> EXERCISE DESCRIPTION: From the first line to the last, return the data exactly, with no pictures.

> INFORMATION SUPPLIED:
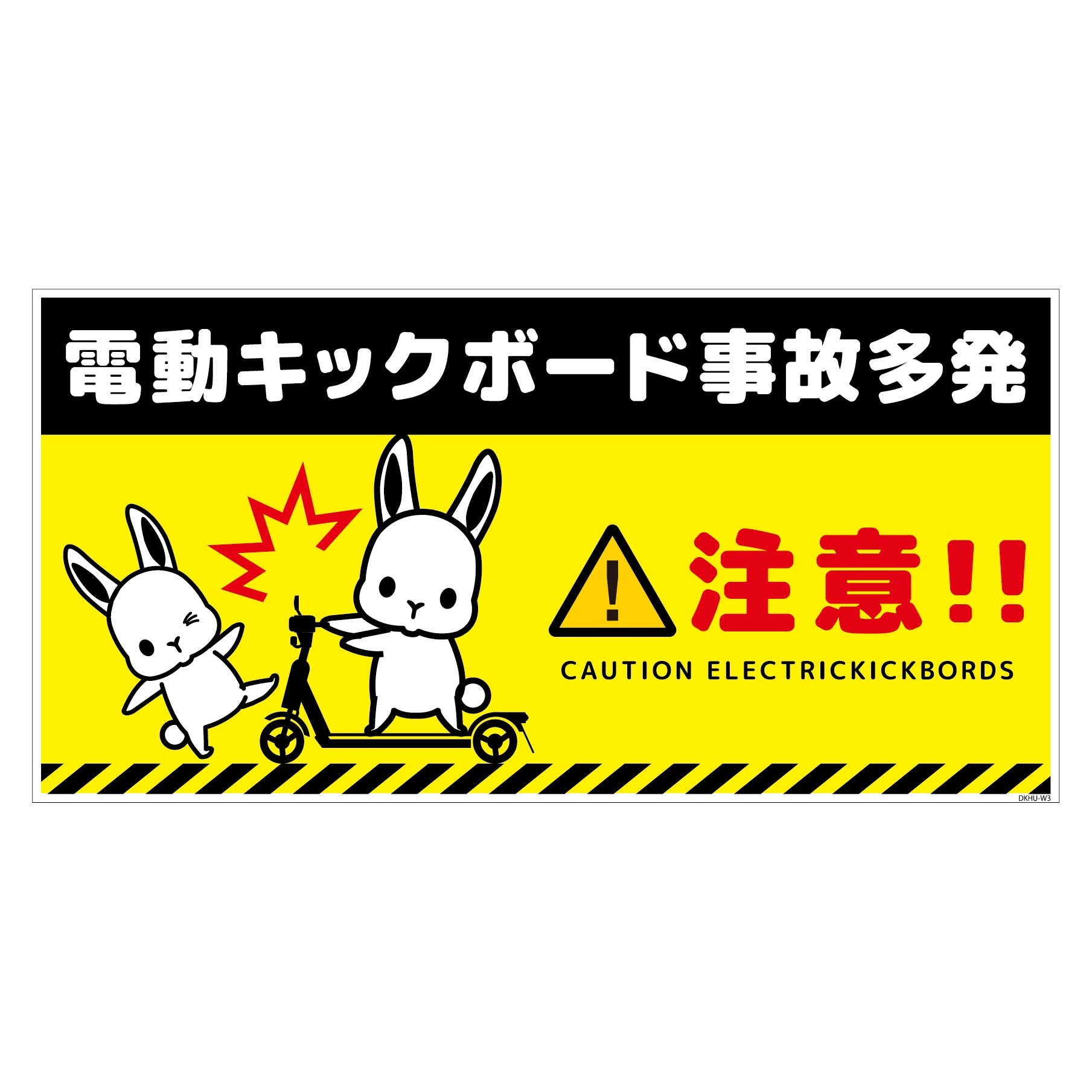 電動キックボード注意標識ウサギ ヨコステッカーDKHU-WS3
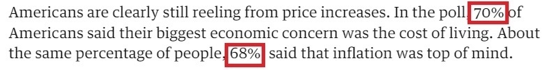 在《衛(wèi)報》發(fā)布的民意調(diào)查中,有70%的受訪者表示,他們最大的經(jīng)濟(jì)擔(dān)憂是生活成本;大約同樣比例的人(68%)說,通貨膨脹是他們最關(guān)心的問題。
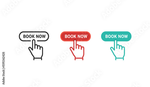 Three Colorful Book Now Buttons with Hand Cursor on White Background
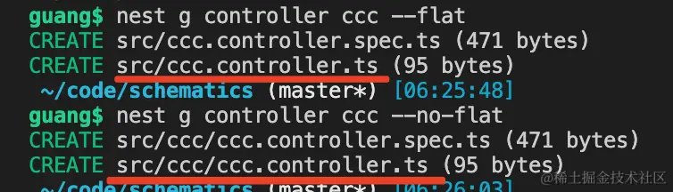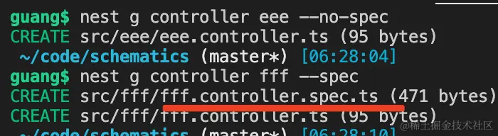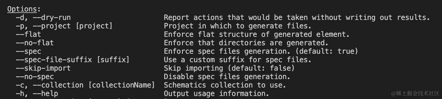 然后是 generateOptions,这些就和我们 nest generate 时的 –no-spec、–no-flat 一样的效果。

> ANSWER TO THIS EXERCISE:
 電動キックボード注意標識ウサギ ヨコステッカーDKHU-WS3
 在《衛(wèi)報》發(fā)布的民意調(diào)查中,有70%的受訪者表示,他們最大的經(jīng)濟(jì)擔(dān)憂是生活成本;大約同樣比例的人(68%)說,通貨膨脹是他們最關(guān)心的問題。
 Three Colorful Book Now Buttons with Hand Cursor on White Background
 然后是 generateOptions,这些就和我们 nest generate 时的 –no-spec、–no-flat 一样的效果。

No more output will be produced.